Switzerland should only make another billion-franc “cohesion” payment to the European Union if the EU doesn’t discriminate against Switzerland, parliament has agreed.
The House of Representatives on Monday approved the CHF1.3 billion ($1.3 billion) that will help reduce the economic and social inequalities between old and new EU countries over the next decade. The Senate agreed with this view on Tuesday.
A previous Swiss financial package to improve living standards in the EU will run out shortly.
The majority of parliamentarians believed the cohesion payments were in Switzerland’s interests and were the price of market access.
The funds are to be split into two separate slices. Some CHF1.1 billion is aimed at vocational training programmes and efforts to combat youth unemployment in EU member states in central and eastern Europe over the next ten years.
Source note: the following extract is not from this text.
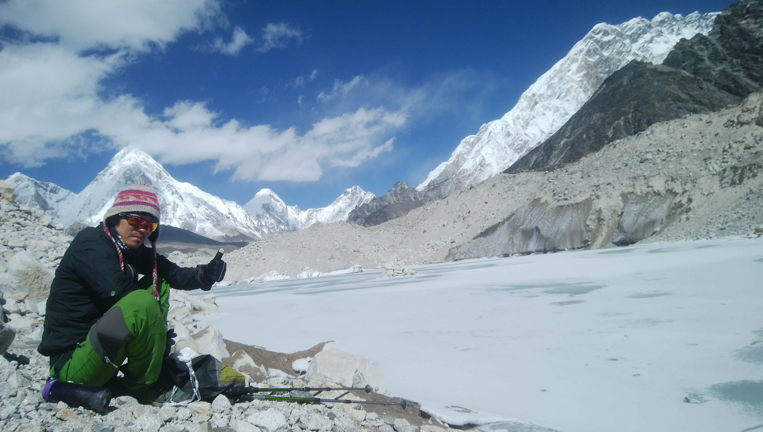 さて、時間もまだ早いので散歩がてらクーンブ氷河を渡ってみることにしました。

The remaining CHF190 million is destined for migration aid in the whole of the EU.
However, the House of Representatives wanted to redistribute the funds, shifting some CHF190 million from the CHF1.1 billion to the migration aid.
For and against
A sizeable minority of politicians said Switzerland should withhold the payments. "The EU is talking about a friendship treaty with the framework agreement, but wants to force us to sign," said Roger Köppel of the rightwing People's Party. "It says: 'If you don't sign this friendship treaty, we will continue to put pressure on you, we will bring you to your knees'".
But Hans-Peter Portmann of the centre-right Radicals said Switzerland is paying far less per capita than other countries. "We pay just CHF15 per inhabitant if we release this payment. But the value of the bilateral agreements is CHF4,500 per year for all of us in our wallets."
The second batch of cohesion payments was put in some doubt after the EU restricted the Swiss stock exchange’s access to the European market to one year. But in September the government said that, after a review of the situation, the funds would be released.
But it added that parliament could “reconsider the situation” if the EU failed to live up to Swiss expectations during continued negotiations on the framework conditions that will govern bilateral ties in future.
While not a member of the EU, Switzerland has negotiated a number of bilateral treaties with its largest trading partner. But the current relationship can only continue if the two sides can agree to a new over-arching framework of conditions.
The sticking points include access to the Swiss labour market for EU workers, Swiss rules that prevent EU companies from undercutting local wage levels and continued access for Swiss financial industry players in Europe.